According to the study, couples who are more transparent with their partners tend to fare better on the PRI index compared to couples who withhold information from each other. People in relationships who tell their partner everything have a relationship score of 80/100, while those who claim they do not tell their partner everything score lower, at 68/100.
However, despite the high level of relationship fulfillment, the report said Filipinos still wouldn’t say their partners are perfect. If they could improve one thing about their partners, 38 percent say they want them to be more responsible partner, 34 percent say they would like them to be more attentive and 33 percent would prefer them to be more communicative.
Does planning together strengthen relationships?
The 2017 PRI findings show that most Filipino couples expect their personal finances to improve (89 percent) by 2022, when they plan their finances together, comparatively higher than for couples who plan separately (64 percent and 74 percent, respectively).

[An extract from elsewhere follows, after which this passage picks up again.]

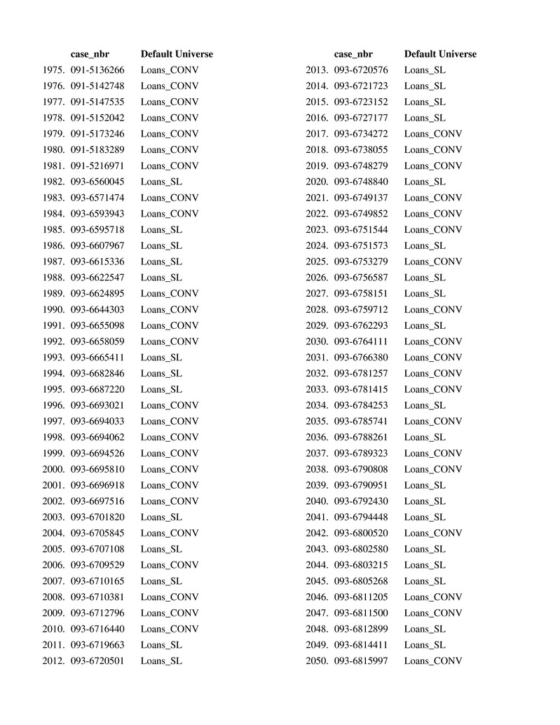 case_nbr Default Universe 1975. 091-5136266 Loans_CONV 1976. 091-5142748 Loans_CONV 1977. 091-5147535 Loans_CONV 1978. 091-5152042 Loans_CONV 1979. 091-5173246 Loans_CONV 1980. 091-5183289 Loans_CONV 1981. 091-5216971 Loans_CONV 1982. 093-6560045 Loans_SL 1983. 093-6571474 Loans_CONV 1984. 093-6593943 Loans_CONV 1985. 093-6595718 Loans_SL 1986. 093-6607967 Loans_SL 1987. 093-6615336 Loans_SL 1988. 093-6622547 Loans_SL 1989. 093-6624895 Loans_CONV 1990. 093-6644303 Loans_CONV 1991. 093-6655098 Loans_CONV 1992. 093-6658059 Loans_CONV 1993. 093-6665411 Loans_SL 1994. 093-6682846 Loans_SL 1995. 093-6687220 Loans_SL 1996. 093-6693021 Loans_CONV 1997. 093-6694033 Loans_CONV 1998. 093-6694062 Loans_CONV 1999. 093-6694526 Loans_CONV 2000. 093-6695810 Loans_CONV 2001. 093-6696918 Loans_CONV 2002. 093-6697516 Loans_CONV 2003. 093-6701820 Loans_SL 2004. 093-6705845 Loans_CONV 2005. 093-6707108 Loans_SL 2006. 093-6709529 Loans_CONV 2007. 093-6710165 Loans_SL 2008. 093-6710381 Loans_CONV 2009. 093-6712796 Loans_CONV 2010. 093-6716440 Loans_CONV 2011. 093-6719663 Loans_SL 2012. 093-6720501 Loans_SL case_nbr Default Universe 2013. 093-6720576 Loans_SL 2014. 093-6721723 Loans_SL 2015. 093-6723152 Loans_SL 2016. 093-6727177 Loans_SL 2017. 093-6734272 Loans_CONV 2018. 093-6738055 Loans_CONV 2019. 093-6748279 Loans_CONV 2020. 093-6748840 Loans_SL 2021. 093-6749137 Loans_CONV 2022. 093-6749852 Loans_CONV 2023. 093-6751544 Loans_CONV 2024. 093-6751573 Loans_SL 2025. 093-6753279 Loans_CONV 2026. 093-6756587 Loans_SL 2027. 093-6758151 Loans_SL 2028. 093-6759712 Loans_CONV 2029. 093-6762293 Loans_SL 2030. 093-6764111 Loans_CONV 2031. 093-6766380 Loans_CONV 2032. 093-6781257 Loans_CONV 2033. 093-6781415 Loans_CONV 2034. 093-6784253 Loans_SL 2035. 093-6785741 Loans_CONV 2036. 093-6788261 Loans_SL 2037. 093-6789323 Loans_CONV 2038. 093-6790808 Loans_CONV 2039. 093-6790951 Loans_SL 2040. 093-6792430 Loans_SL 2041. 093-6794448 Loans_SL 2042. 093-6800520 Loans_CONV 2043. 093-6802580 Loans_SL 2044. 093-6803215 Loans_SL 2045. 093-6805268 Loans_SL 2046. 093-6811205 Loans_CONV 2047. 093-6811500 Loans_CONV 2048. 093-6812899 Loans_SL 2049. 093-6814411 Loans_SL 2050. 093-6815997 Loans_CONV

Even if they do not make financial plans together, the 2017 PRI shows that couples who are more transparent with each other about their finances do better on the relationship index. Filipino couples who make financial plans together have a partner relationship score of 81/100, 18 points higher than those who plan separately (63/100). Sixty-three percent of couples also agree that working with a financial agent will improve their relationship.
When planning their financial goals, 59 percent of the people in the Philippines would like to start a new business. Other financial goals include having enough money to travel with the family (49 percent), supporting the children’s education (45 percent) and saving enough for future retirement (42 percent).

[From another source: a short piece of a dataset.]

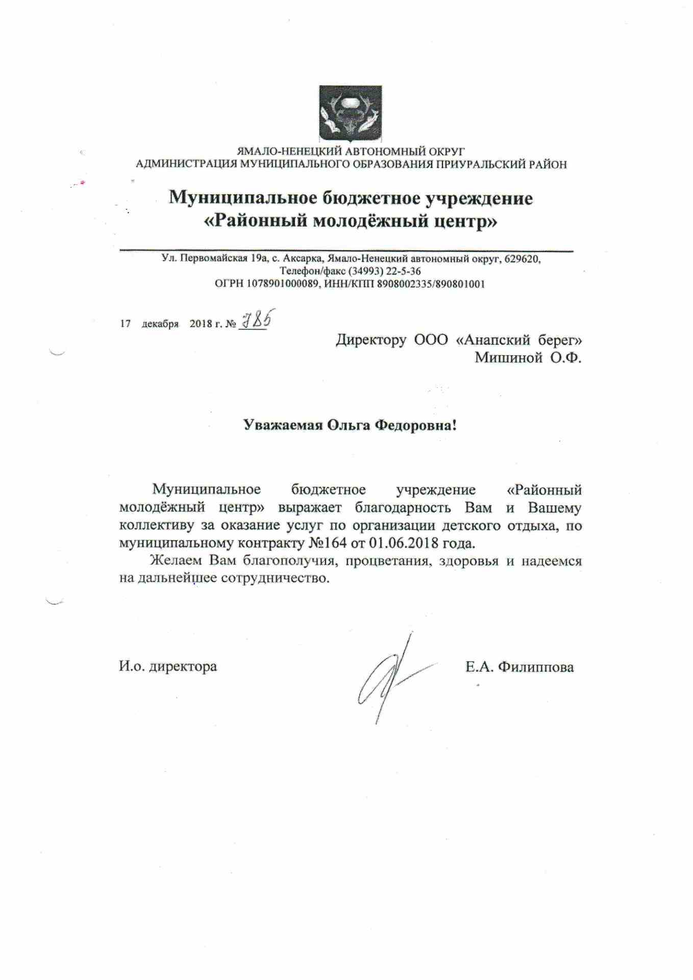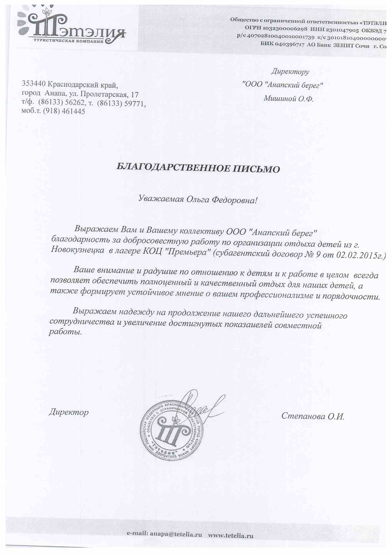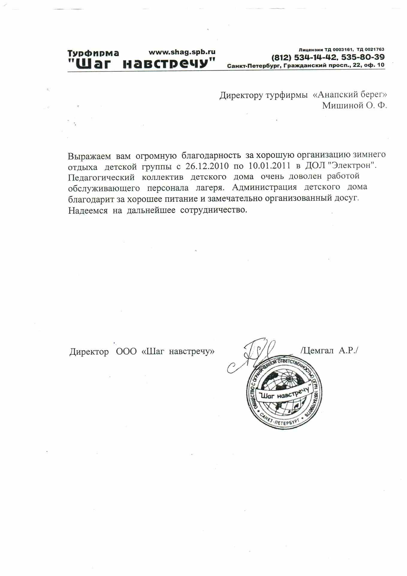 Туроператор "Анапский берег" принимает сертификаты СПб ГБУ ЦОО "Молодежный" на оплату части стоимости путевок в детские оздоровительные лагеря.

On these findings, Tumbaga said, “The facts speak for themselves; couples who plan their finances together show much higher relationship scores with their partners than those who plan separately.”
Are Filipinos concerned about financial security?
Filipinos worry about whether they will have enough money for retirement and medical expenses (75 percent), the highest proportion across all markets surveyed. The majority of people expect to count on their own personal savings (87 percent) or continue working to support themselves (36 percent) in their old age. Only 32 percent expect their children to provide them with financial support.
Worrying about financial security also extends to concern for their loved ones. Almost half of the people in the Philippines (47 percent) have concerns about their family’s financial situation should anything ever happen to them.
What will relationships and family life look like in 2050?
Most people in the Philippines believe their relationships will show big improvements in the near future. Seventy-two percent say their love life will get better within five years—the highest proportion among the nine countries surveyed.
When asked to make predictions on the state of relationships by 2050, the PRI gathered that:
- Eighty percent of Filipinos believe that separation will be socially acceptable;
- Seventy-seven percent predict that over half of the couples living together will not be married;
- Seventy-four percent expect that over half of the children will be born to unmarried parents;
- Seventy percent believe that children will have a better future than they do now; and
- Sixty-five percent believe that same sex marriage will be legal in the Philippines.
“With the data presented in the 2017 PRI, Pru Life UK hopes to encourage more Filipinos to start real conversations that lead to relationships and a better understanding of financial planning,” Tumbaga said.”